Anyway I understand your point about the Ramen. It pisses me off when I'm making a meal and a skid or my own kid comes in and starts making something else. My own kid I will tell them to get out of the kitchen and wait for dinner. With skids I've learned to let it go but I stopped buying foods that are easy to make cuz then they eat all the snack foods and leave nothing for anyone else.

As for buying things for SD give it up. Dont do nice things for people who are not nice to you. And dont make people a priority who only see you as an option.

I'm buying my SD a greeting card for Christmas this year and thats it. I told DH that any presents he wants for her he will have to shop for them himself.

marblefawn's picture

Oh my god, girl!

That was my SD's level of aggravation too -- just those nearly unnoticeable things that, of course, her TARGET would notice! Your SD is a clever one! She has them wrapped -- better be extra careful of that one!

I thought the bloody tampons in the can and the ramen noodles were so MY stepdaughter! My SD used to leave her thong underwear laying on the bathmat everywhere she stayed, like she just had to. And the other thing that came to mind was that we had to pay for my SD's gown when she was a bridesmaid in our wedding, which I didn't mind because she was in college, but no kidding -- the DAY AFTER my wedding, at the big fancy brunch for everyone, she said in front of so many of us, that she was going to sell that gown on Ebay. It had come up because my nieces said how much they loved their bridesmaids gowns and that they were going to wear them to college formals. Yea, that's when SD dropped her nasty bomb.

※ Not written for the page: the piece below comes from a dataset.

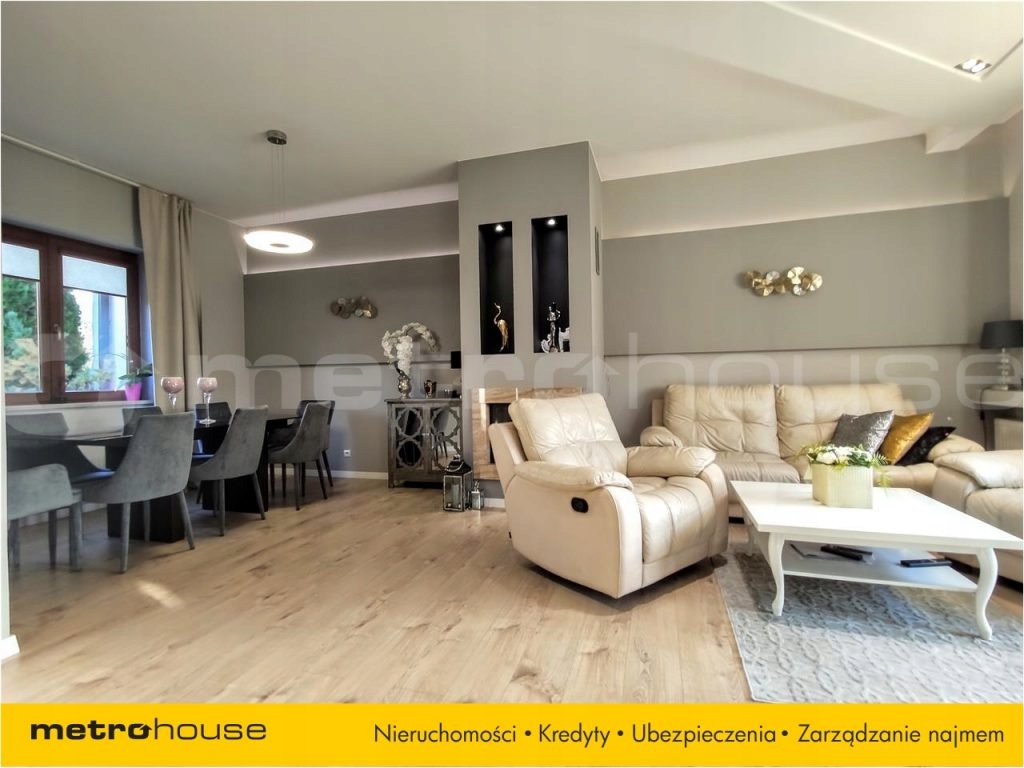 Posiadłość znajduje się w małym, kameralnym osiedlu zamkniętym na obrzeżach Piaseczna. Duży środkowy dom (186,5 m 2 w tym garaż) o zabudowie szeregowej z 2009. W tym roku został generalnie wyremontowany. Wszędzie wymieniono podłogi, całkowicie kuchnię (płyta indukcyjna, szafki drewniane). Kompletnie zmodernizowano wszystkie 3 łazienki. Wykonano podwieszane i podświetlane sufity i nowe nowoczesne schody .Aby dopełnić komfortu życia zainstalowano kominek, klimatyzację, markizy, system alarmowi i wideofon. Ten wysokiej jakości dom składa się z przestronnego salonu ( 38 m 2), otwartej kuchni z oknem, oraz na piętrze z 4 sypialni. Sypialnia małżeńska posiada oddzielną łazienkę i garderobę. Istnieje możliwość zagospodarowania strychu. Jedną z zalet jest garaż w bryle budynku oraz 3 miejsca postojowe przed posesją. Natomiast z tyłu znajduje się pięknie zagospodarowany ogródek z automatycznym podlewaniem i czujnikiem deszczu. Zadaszony 50 m taras sprzyja odpoczynkowi i nic nie robieniu.
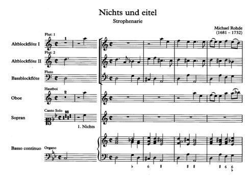 Rohde, Michael: Nichts und eitel; Arie für Sopran, 3 Blockflöten f1 f1 f0, Oboe, B. c.; in: Flauto e Voce 16, Edition Walhall EW1109

Beware, this dynamic over years can corrode a marriage. I felt like I was handling it all those years I was laughing about it, but the real bill had not even been invoiced yet. Now I see there's a lot of damage from it all.

marblefawn's picture

OK, I wasn't very clear. I haven't heard a human voice in 3+ days and it's like being in solitary -- I'm writing gibberish.

I mean, that dynamic of you asking him to ask her to throw away the trash properly and then him tossing the trash himself, (which is pretty fricking gross too in a weird daddy dearest way when you think about it), but anyway, yea...THAT'S what I mean is corrosive. Because you will come to feel as if she's too precious for him to disturb...and the guy you have sex with is like, some teen girl's bitch...and that quickly ceases to be even a tiny bit sexy.

OK...shutting up now...

CLove's picture

Would leave her period mess in the bathroom trash can as well! I made certain to teach Munchkin what to do...and shes good about doing it (unless its in her room...)

Dh would yell at FF to clean up the trash herself, because it was gross...thats why she accuses him of being abusive now. He yelled at her and caused anxiety.